Harder Binomial Distribution problem

[Guest]

A factory has seven machines - four of model A, which are in use, on average, 80 percent of the time, and three of model B which are in use, on average, 60 percent of the time. If the supervisor walks into the factory at a randomly selected time, what is the probability that two machines of model A and one of model B will be in use?

This one has me beat!

 

[soroban]

Hello, americo74!

You have so many questions on Binomial Probability.
What part of it don't you understand?

A factory has seven machines:
four of model A, which are in use 80% of the time,
and three of model B which are in use 60% of the time.

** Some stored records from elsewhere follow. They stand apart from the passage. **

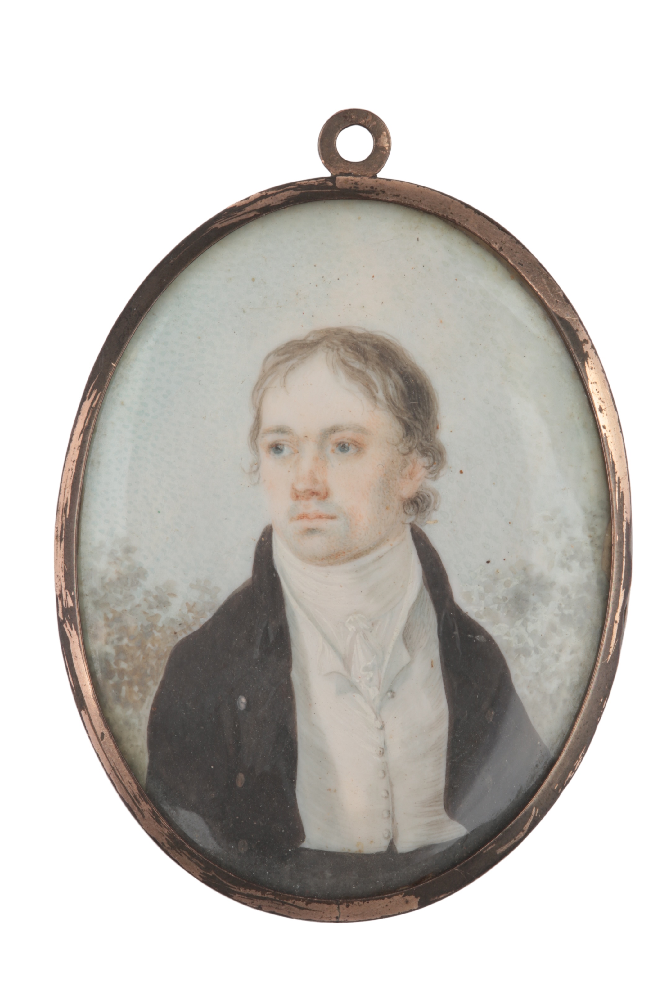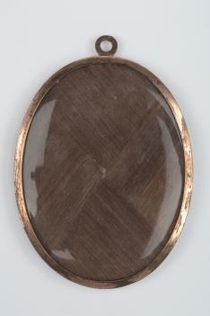 A Georgian ivory miniature portrait brooch, early 19th century, of oval outline, depicting a man in Regency dress, the reverse with woven hairwork, mounted in gilt metal, length 7.6cm. CITES Submission reference TKJ979RF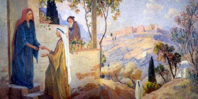 Après avoir annoncé à Marie le mystère de l'Incarnation, l'archange Gabriel la prévient que sa cousine Élisabeth, âgée et jusque là stérile, sera mère dans trois mois, par un nouveau prodige. Marie ne tarda pas à se mettre en route pour féliciter l'heureuse mère.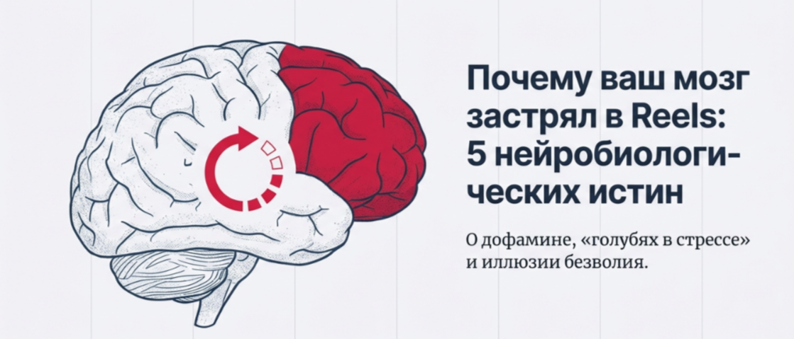 Полночь. Вы планировали лечь спать еще два часа назад, но большой палец продолжает методично смахивать экран вверх. Синие пиксели выжигают сетчатку, вы осознаете бессмысленность происходящего, но не можете просто встать и почистить зубы. Знакомо? Это состояние нейробиологи называют «личным отчаянием». Многие винят себя в лени или безволии. Однако наука утверждает: дело не в слабом характере, а в фундаментальных механизмах работы мозга. Наш бесконечный скроллинг — это нейробиологический детерминизм, заставляющий нас буквально «замирать» в цифровом пространстве. Существует опасный миф, что дофамин — это «гормон удовольствия». На самом деле, за наслаждение отвечают совсем другие вещества (эндоканнабиноиды и опиоиды). Дофамин нужен мозгу для двух целей: выделения значимости объекта и кодирования неожиданности. Главный секрет залипательных видео кроется в ошибке предсказания результата. Мозг выбрасывает мощную порцию нейромедиатора каждый раз, когда происходит что-то неожиданное, помечая э
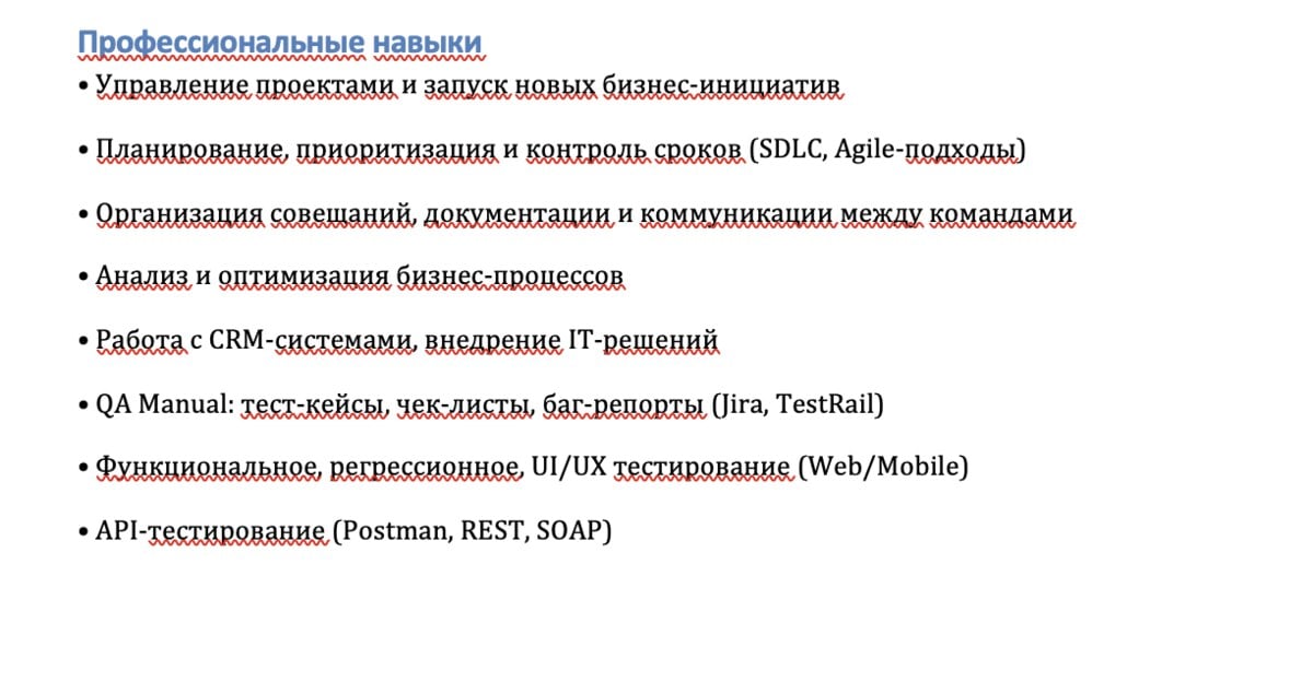 В резюме появились ИТ-инструменты: опыт работы с мануальным тестированием, управление проектами, работа с SQL (язык запросов для управления и взаимодействия с реляционными базами данных). Но это снова сбивает меня с толку: такие навыки немного противоречат разделу Summary, не подтверждаются опытом работы и просто «висят» в списке. Возникает вопрос: зачем они здесь?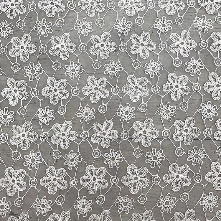 Водорастворимая белая хлопковая нить, сетчатая ткань с вышивкой, высококачественная детская одежда, женское платье, хлопковая кружевная ткань с вышивкой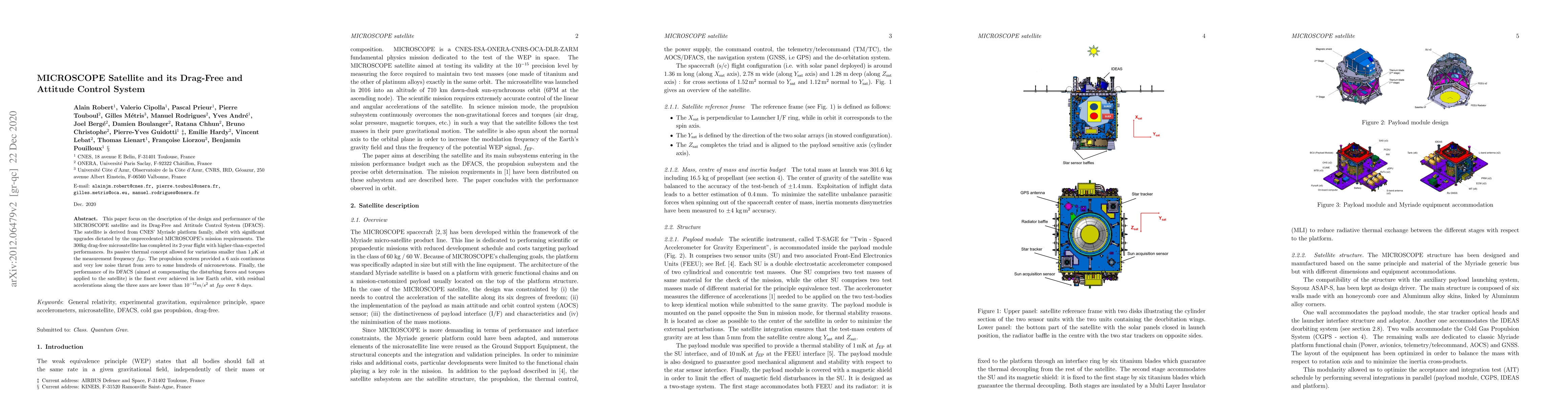 The MICROSCOPE satellite achieved exceptional performance in its 2-year mission, including precise drag-free control and thermal stability, with residual accelerations as low as $10^{-12} m/s^2$.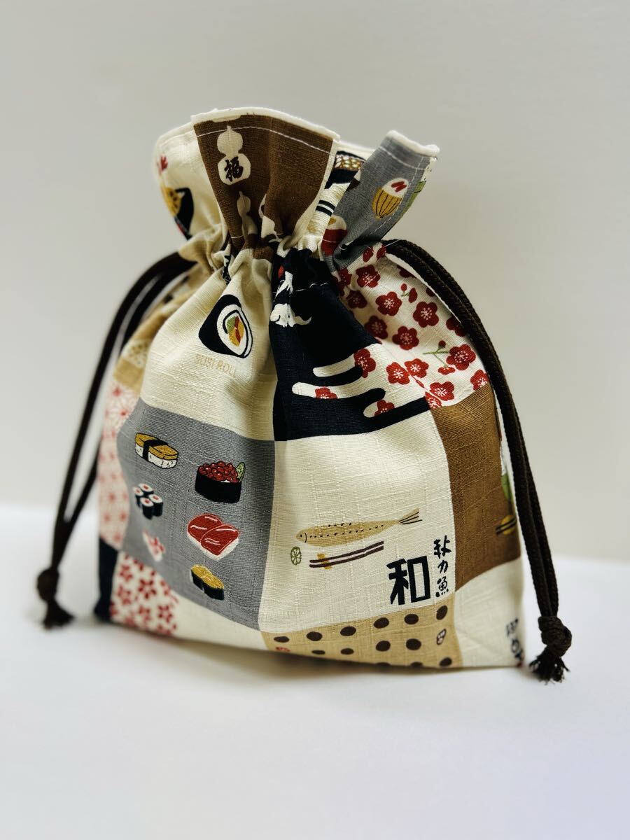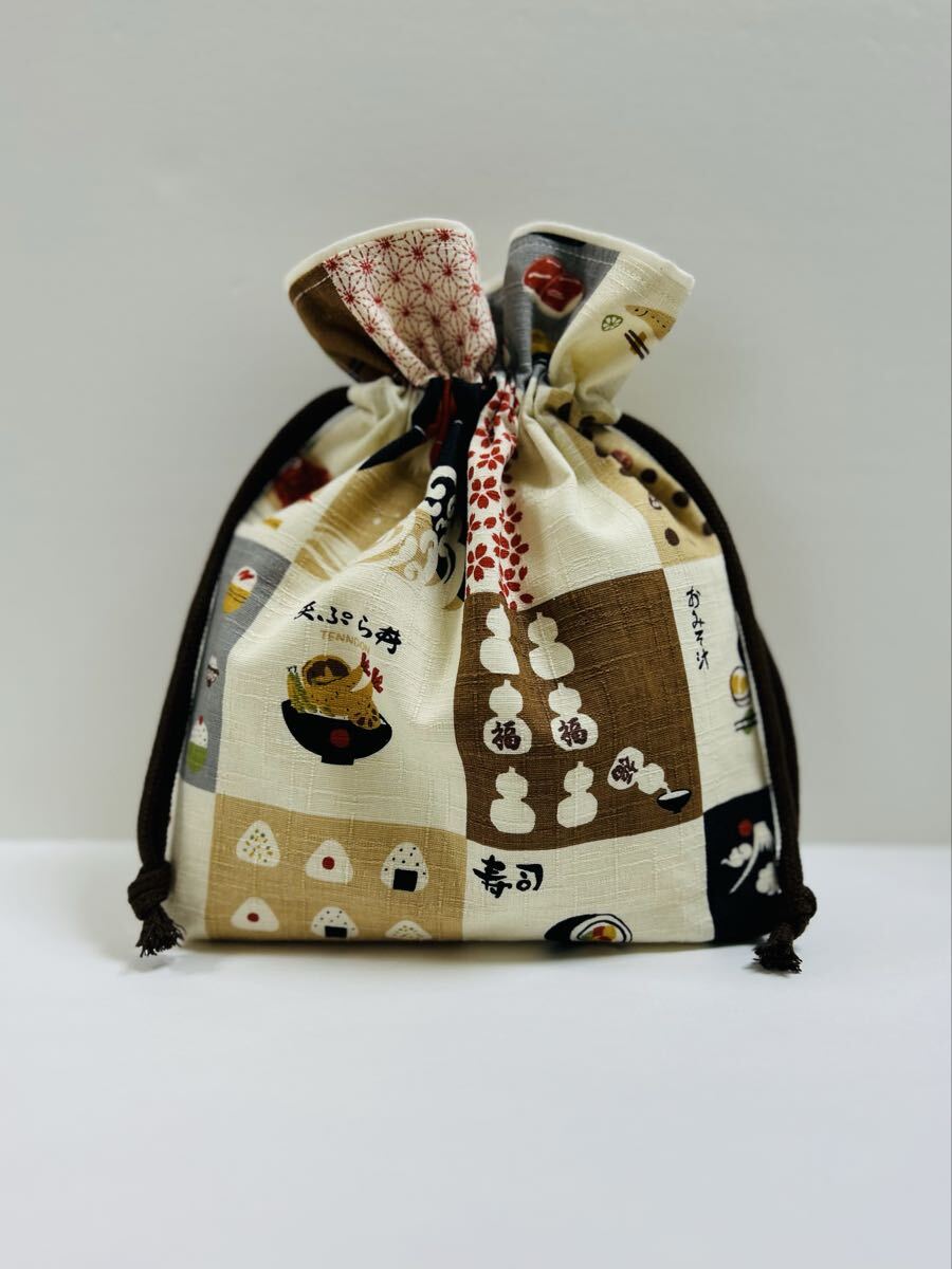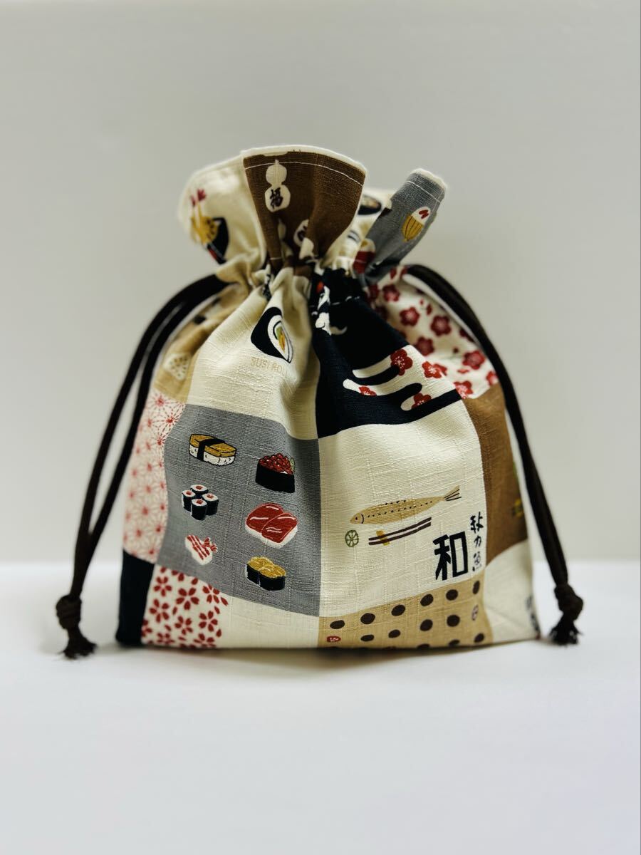ハンドメイド 巾着袋 和柄 和食 さんま 寿司 天ぷら丼 富士山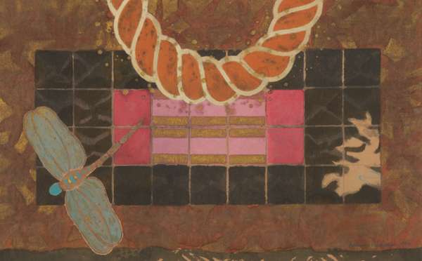 Signed lower right, signed, dated and inscribed with title to label verso, watercolour and gold paint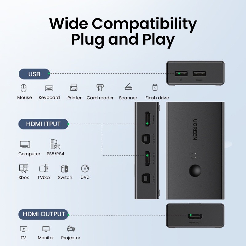 UGREEN 4K60Hz HDMI KVM Switch 2 IN 1 OUT Ultra HD HDMI Switcher Box For Sharing Monitor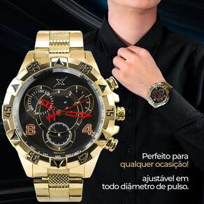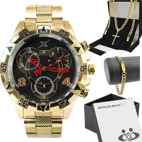 Relogio masculino aço dourado + pulseira + caixa social ponteiro presente pesado analogico grande Kit de Presente Orizom Spaceman X - Relógio Masculino, Corrente, Pingente e Pulseira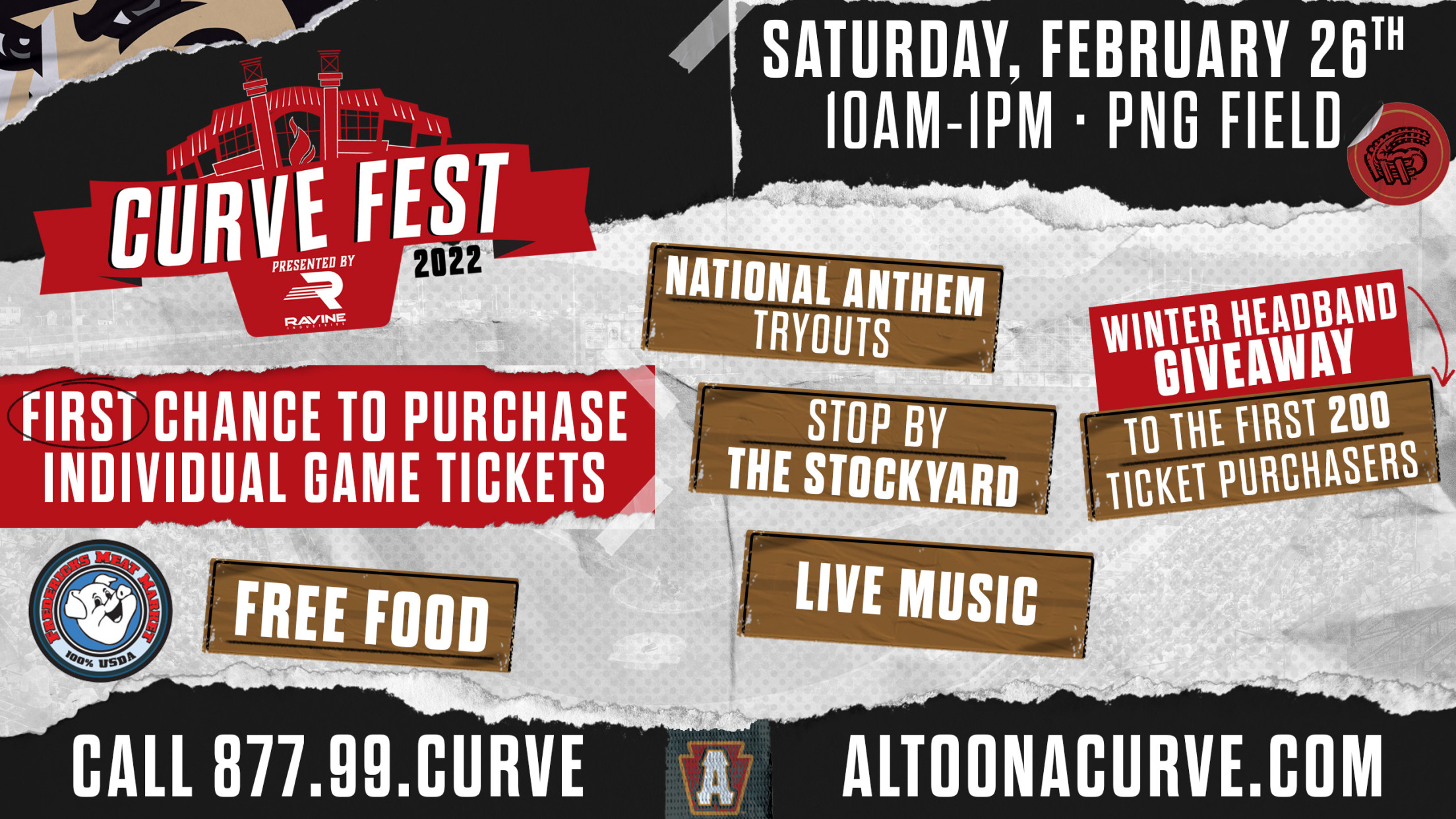 CurveFest will give fans their first opportunity to purchase single game tickets and the first 200 fans that purchase at PNG Field will receive a Curve Winter Headband, presented by Ravine. Fans who purchase tickets for Opening Night at CurveFest will receive an additional complimentary ticket, of equal or lesser value, to any other April or May 2022 home game.

If the supervisor walks into the factory at a randomly selected time,
what is the probability that two machines of model A and one of model B will be in use?

Two of the four model A's: \(\displaystyle \,\begin{pmatrix}4\\2\end{pmatrix}\,(0.8)^2(0.2)^2 \:=\:0.1536\)

One of the three model B's: \(\displaystyle \,\begin{pmatrix}3\\1\end{pmatrix}\,(0.6)^1(0.4)^2 \:= \:0.288\)

Therefore: \(\displaystyle \,P(\text{2A and 1B})\:=\0.1536)(0.288) \:=\:0.0442368\)